Женская часть ансамбля работает с бурной эмоциональностью, но стиль нигде не разрушает. Ольга Афанасьева — язвительная, с колючим взглядом, легко заводящаяся на скандал Василиса Премудрая. Ксения Морозова — отчаянная и бесшабашная Надька, вдовая мать троих детишек. Актриса ведет важную партию в спектакле, ее героиня — воплощение страдающей и несдающейся русской бабы, готовой вынести, вытащить на себе все муки, всю боль, но не потерять разбитного грубоватого юмора. Теплая, беззлобная, несчастная, смешная и симпатичная Надежда Морозовой очень хороша. Алена Артемова для роли матери Андрея нашла зацепку в тексте повести: старуха не то шепелявит, не то «цокает». Поначалу это забавно, но вот шипение разъярившейся Семеновны, узнавшей, что невестка забеременела «неизвестно от кого», поистине страшно: «Шуцка! Шуцка! Штыд-то какой! Прешвятая богородица!» Злющие, горящие гневом глаза, неизбывная ярость, проклятья — жуткая сцена, леденящая душу. Та же Артемова в роли Лизы, счастливой жены воротившегося живым Максима, сияет радостью сквозь слезы, захлебывается рассказами о тяжелом бабьем житье-бытье, про то, как надрывались на лесозаготовках, как голодали и мыкались. Сыплет-сыплет словами, тараторит, как будто прорвало плотину долгого молчания, терпения, когда, затаившись и сжавшись, ждала она мужа с войны.
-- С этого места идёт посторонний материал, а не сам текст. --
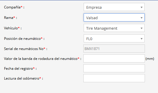 - El Número de Serie del Neumático se completará automáticamente según la posición seleccionada.
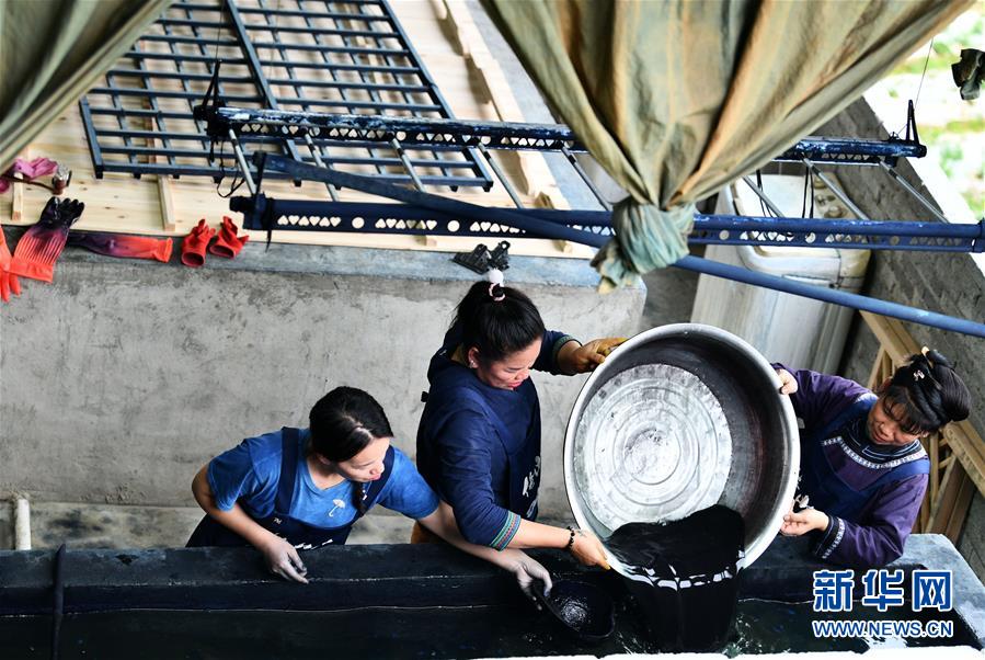 2018年,楊成蘭在村里成立傳統(tǒng)織染合作社,吸引村里及周邊村寨貧困戶入股,帶動(dòng)當(dāng)?shù)刎毨艉痛迕窦尤牒献魃纾瑥氖驴棽?、染布、藍(lán)靛種植等產(chǎn)業(yè),在傳承民族傳統(tǒng)手工技藝的同時(shí),幫助村民脫貧增收。新華社記者楊文斌攝
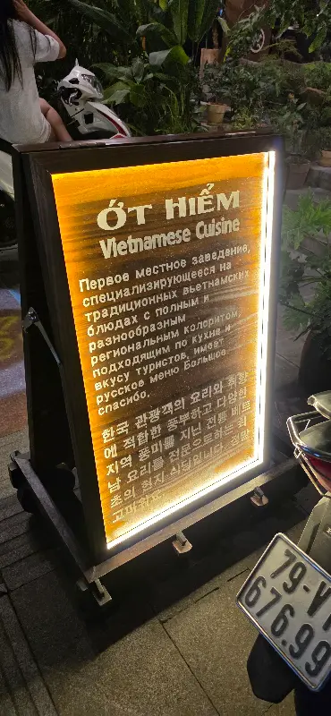 나트랑 담시장을 활보하며 기념품과 흥정을 마친 후, 허기진 배를 움켜쥐고 맛집을 찾아 나섰다. 수많은 식당들 사이에서 우리의 눈길을 사로잡은 곳은 바로 현지인들의 발길이 끊이지 않는다는 나트랑 로컬 맛집이었다. 간판에서부터 풍겨져 나오는 정겨움에 이끌려 망설임 없이 문을 열었다.
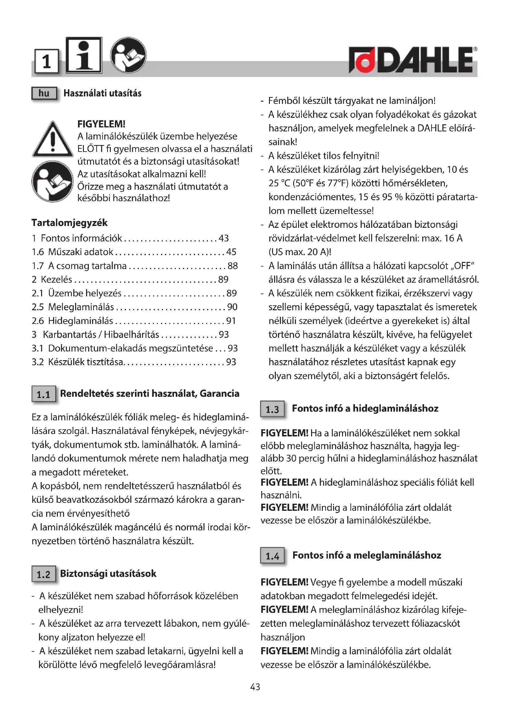 Használati utasítás FIGYELEM! A laminálókészülék üzembe helyezése ELŐTT gyelmesen olvassa el a használati útmutatót és a biztonsági utasításokat! Az utasításokat alkalmazni kell! Őrizze meg a használati útmutatót a későbbi használathoz! Tartalomjegyzék 1 Fontos információk . . . . . . . . . . . . . . . . . . . . . . . 43
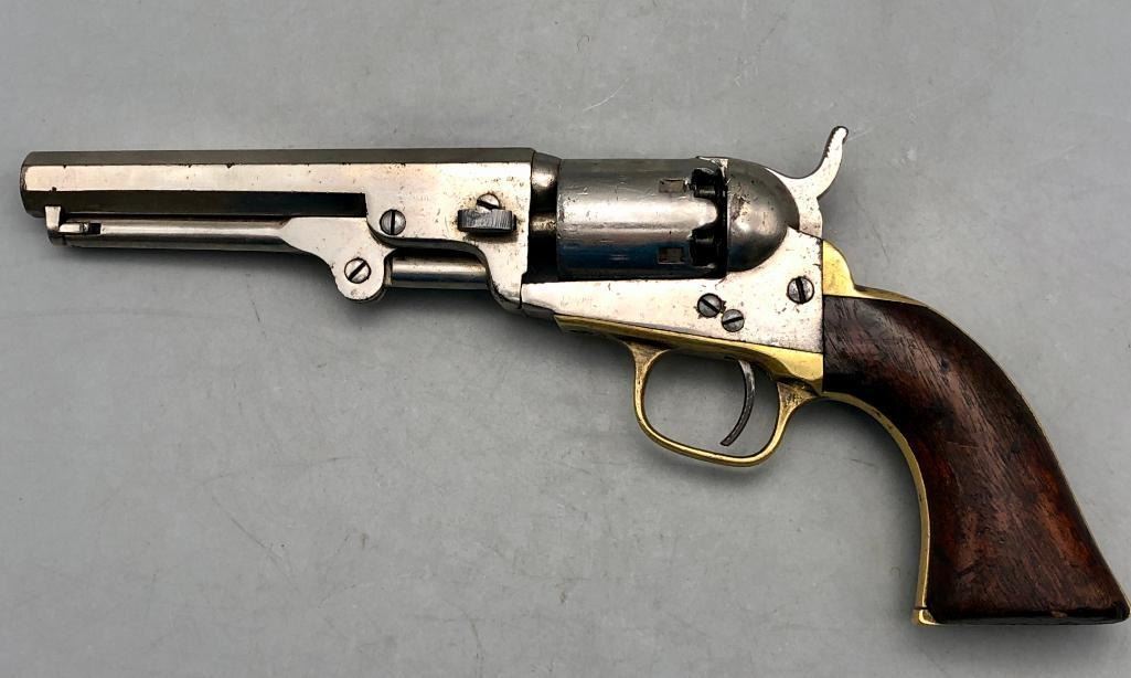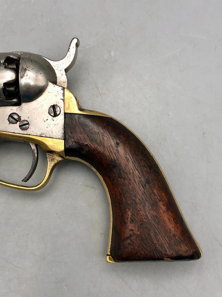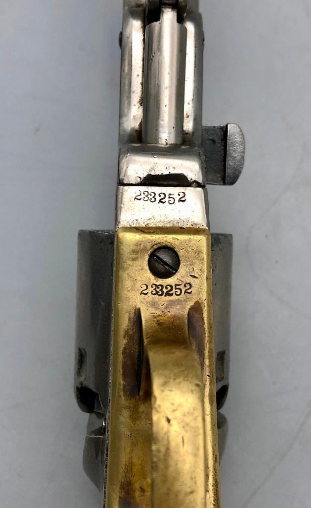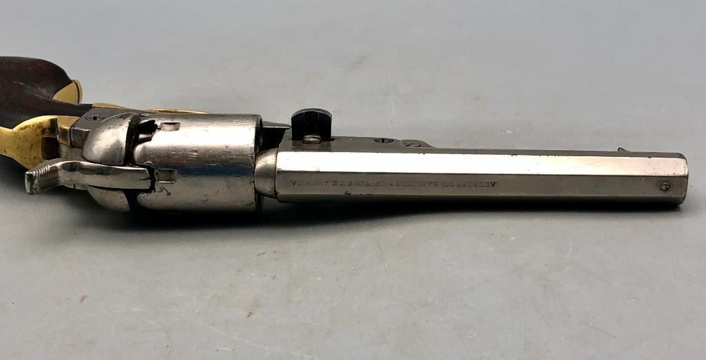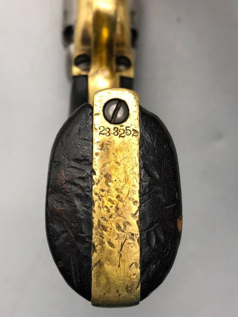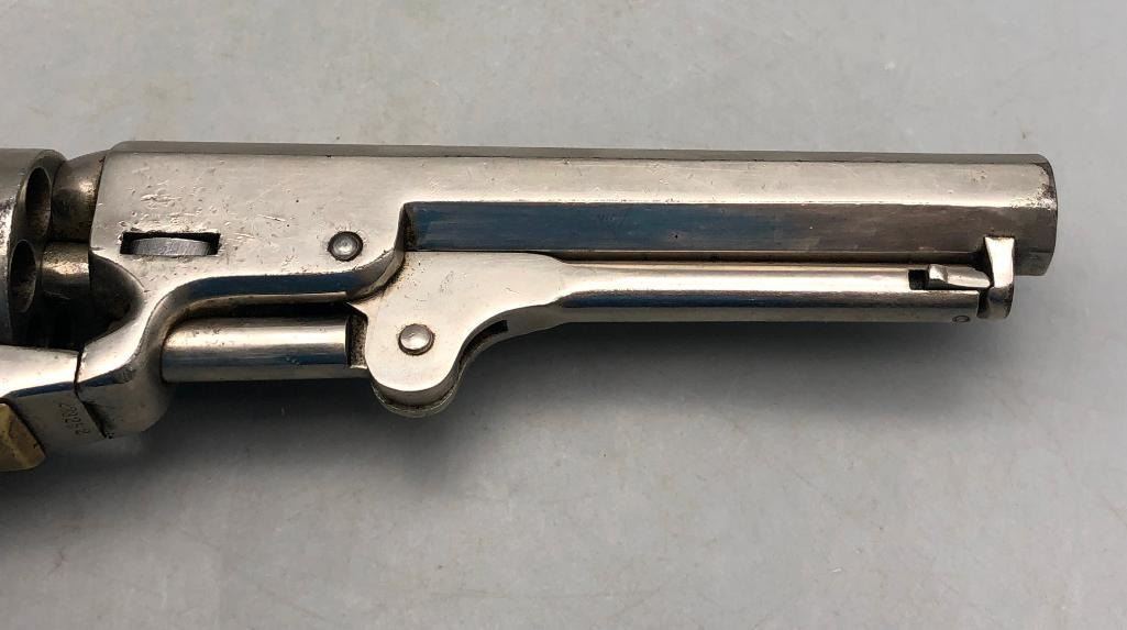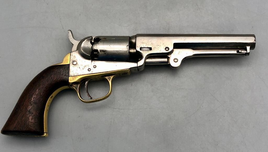 Offered for sale in this lot is an antique model 1849 Colt pocket pistol. This revolver is in decent condition, showing signs of wear, with a nice patina. It is nickel plated and there are some dings on the metal, especially on the butt of the pistol, on the brass and some wear to the wood grips. All the serial numbers are matching and it has the original wood grips. It has the one line New York address. It cycles properly, however we have not fired it. Keep in mind this is an antique, and not warranted safe to shoot, and should not be attempted without the aid of an expert. A nice addition to your collection! Maker: Serial No. 233252. Approx. Age: 1863. Size: Barrel measures 5 inches long. 31 Caliber. Condition: Fair for its age, wear expected. Please look closely at the pictures - they are an important part of our description. Shipping: There will be a $15 handling / packaging fee for shipping this lot. The actual cost of postage will be added on top of that. BUY IT NOW: If you would like to buy this item now without waiting for the auction to end (this option is only available up to 48 hours before the auction starts to close), the “Buy it Now” price is the high estimate of this lot. If you would like to end the auction early and pay the high estimate (plus applicable fees), please contact us by phone or email and reference this lot number. *****ANTIQUE - This firearm DOES NOT REQUIRE an FFL Transfer*****
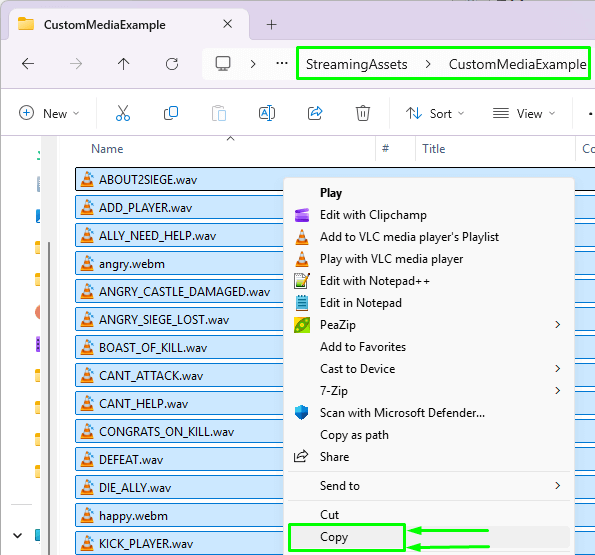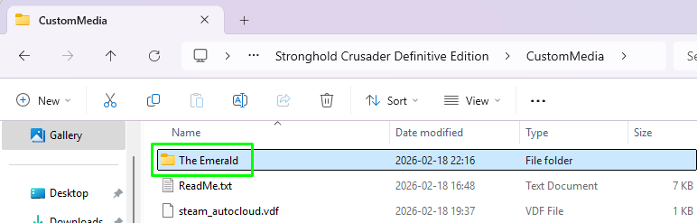 Open the folder "Stronghold Crusader Definitive Edition_Data", then "StreamingAssets", finally "CustomMediaExample" within. Select all files and copy them to the folder "The Emerald" shown in the other File Explorer window. If you did everything right, the copied contents will land exactly there: voice lines, video clips and subtitles.
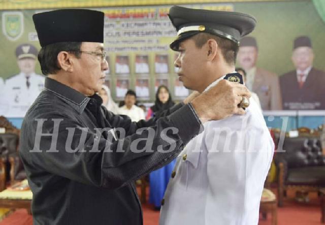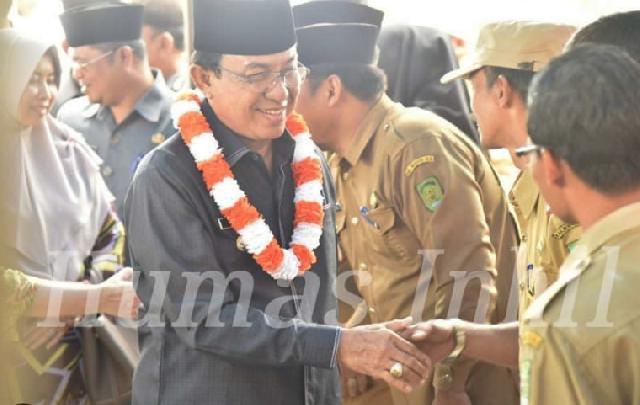 Bupati Inhil melakukan penyematan kepada Penjabat Kades Nyiur Permai

С другой стороны, все эти разные голоса — родителей Андрея, соседей-односельчан, мужчин и женщин — важны в спектакле именно как хор, как общее народное мнение. Свернувший с пути, по которому он шел со всеми вместе (на фронт отправляли всех сразу, воевал он, «как все, не лучше и не хуже»…), Андрей оказывается выброшенным из общей, роевой жизни. Он навсегда один. Режиссер выстраивает мизансцену так, что Андрей из угла, с края площадки с горечью и завистью, мучительно, пристально вглядывается в картину общего сельского схода за столом. Ведь все персонажи всегда на сцене, так что и Хор молчаливо наблюдает за встречами мужа и жены, и беглый солдат смотрит на своего товарища Максима, вернувшегося с войны с покалеченной рукой, но зато гордо и открыто. И старик Михеич, сидя в торце длинного стола в день Победы, сверлит сына, стоящего напротив — далеко-далеко, в темном углу, — суровым взглядом, пытаясь усовестить, вернуть на путь истинный (то есть общий). Постепенно из этой одной на всех, единой в потерях и счастье народной судьбы вытягивает и Настену. Здорово сделан финал сцены, в которой празднуют возвращение Максима: все сидящие запевают «Катюшу», но не громко и бодро, а меланхолично, растянуто, а Настена в белой рубахе, облитая ярким светом, стоит одна, словно во сне, и песня долетает к ней как бы издалека, сквозь какие-то помехи.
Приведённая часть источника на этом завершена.